Tars said he had discussed dependence on US IT infrastructure with his counterparts in other European countries over the last year, and was developing a European alternative that could be ready for testing in the second half of 2025. As well as regulatory action, reasons include cost and risks based on data being held outside the country.

According to RIT, around €400 of the €2,000 cost of each government agency workstation goes to Microsoft in licence fees. Tars said an open source alternative to Microsoft Office and Windows, such as LibreOffice or OpenOffice running on Linux, would be unlikely to save much money given the need for support, user management, and staff education.

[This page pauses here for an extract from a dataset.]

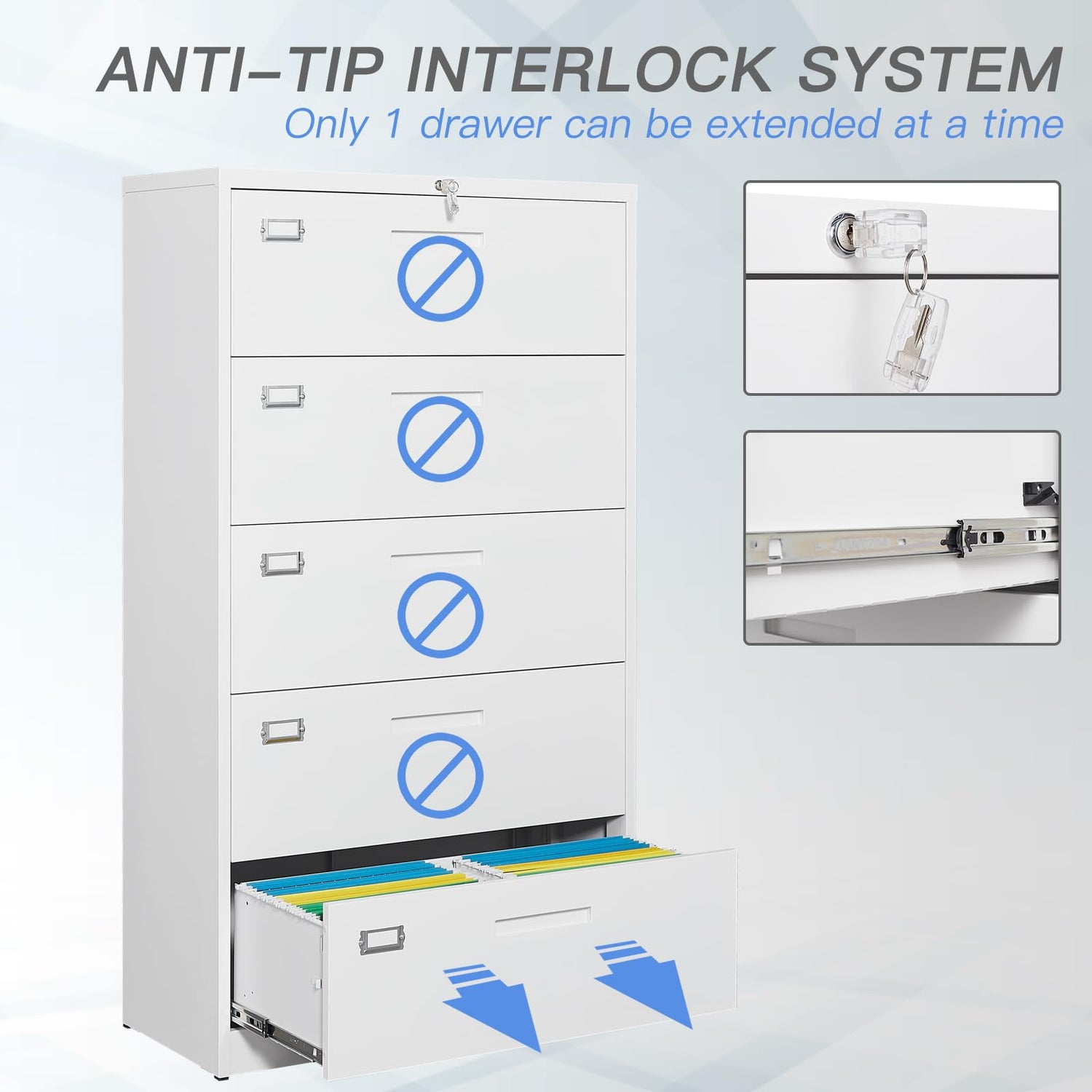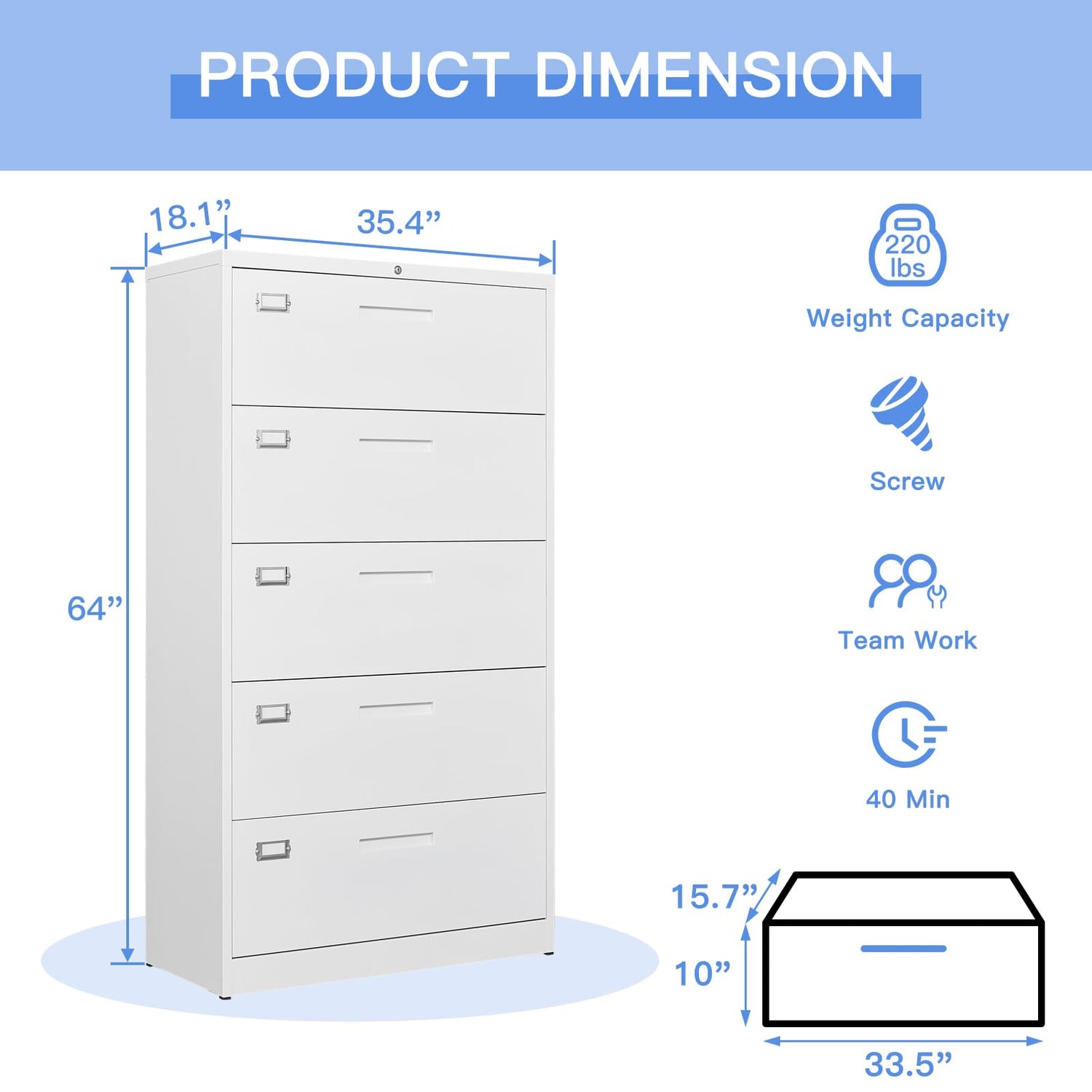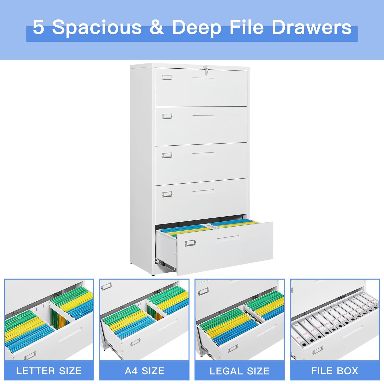 Transform your workspace with the Yizosh 5-Drawer Metal Locking File Cabinet—a blend of efficiency, security, and style, designed to meet all your filing needs.

RIT has so far moved about 8,500 of 25,000 government workstations to its cloud computing service and plans to increase this to 15,000 over the next two years. The higher-security defense, interior (home), and foreign ministries will continue to use alternatives.

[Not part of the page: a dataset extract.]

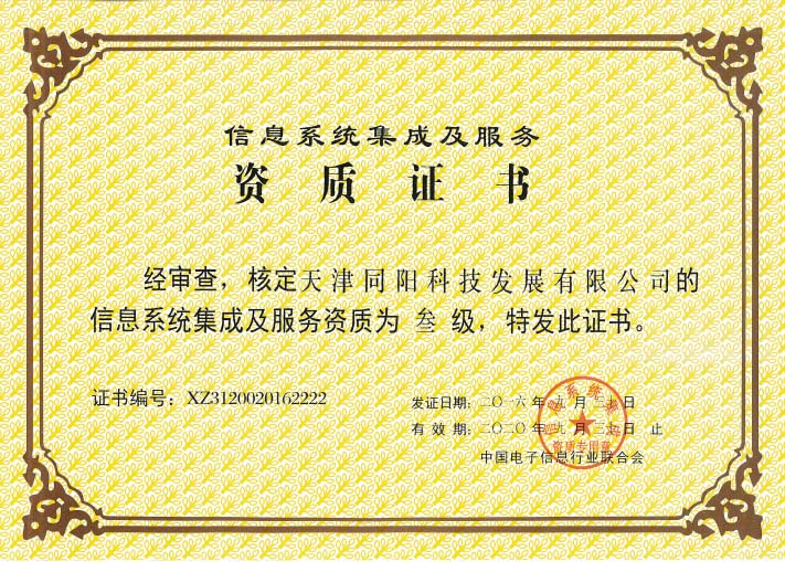 天津同陽科技獲得叁級信息系統(tǒng)集成及服務(wù)資質(zhì)證書 更新時(shí)間:2016-10-12 點(diǎn)擊:21894 所屬欄目:公司新聞 Update Time:2016-10-12 Hits:21894 Belong Column:News 天津同陽科技發(fā)展有限公司獲得叁級信息系統(tǒng)集成及服務(wù)資質(zhì)認(rèn)證。
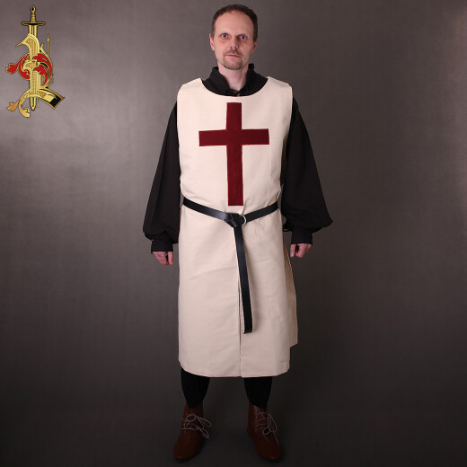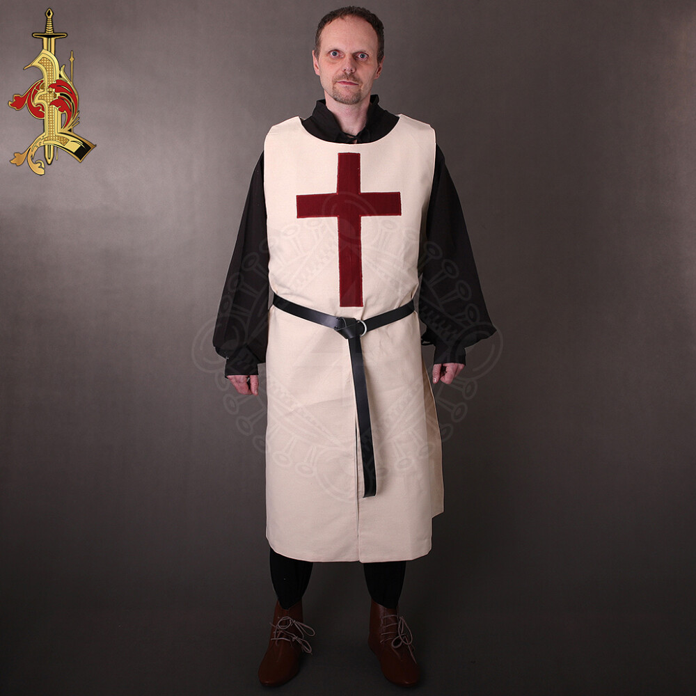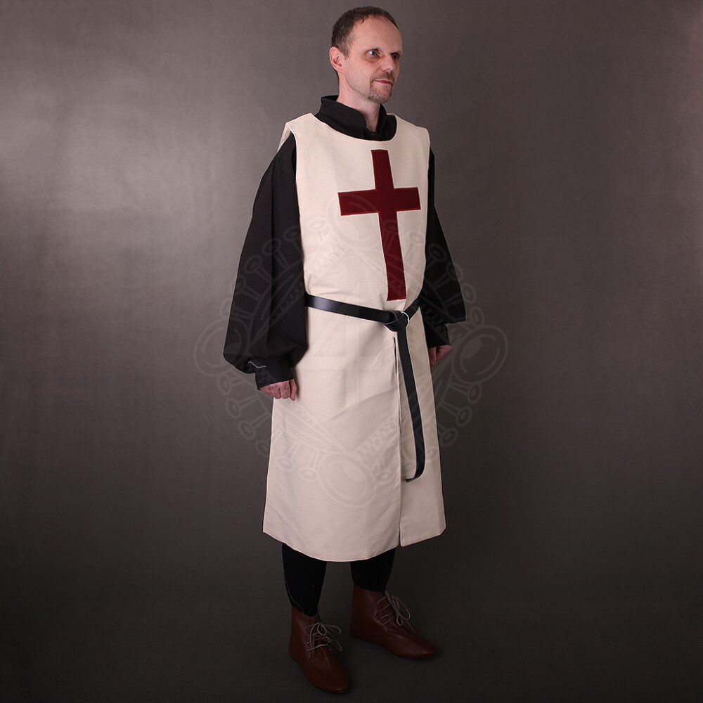 Varkoč je zhotoven z pevné, krémově bílé 100% bavlny o gramáži 220 g/m². Materiál je na dotek příjemný, ale zároveň dostatečně odolný, aby vydržel i náročné podmínky. Dominantou varkoče je velký, vínově červený latinský kříž, který je precizně aplikován na hrudi. Tento symbol okamžitě evokuje dobu křížových výprav a dodává varkoči autentický vzhled.

Estonia takes its digital resilience seriously, although this has previously been due to fears of Russia rather than worries about America.

In 2007 the country was hit by waves of cyberattacks which took down government websites, media services, and cashpoints after it moved a Soviet-era statue out of central Tallinn. The steps it has taken since to toughen security include establishing a ‘data embassy’ – a secure data centre – in Luxembourg as a back-up for key digital services and datasets.

Countries across Europe look likely to spend more on technology to develop digital sovereignty and reduce dependence on US providers, according to analyst firm Forrester.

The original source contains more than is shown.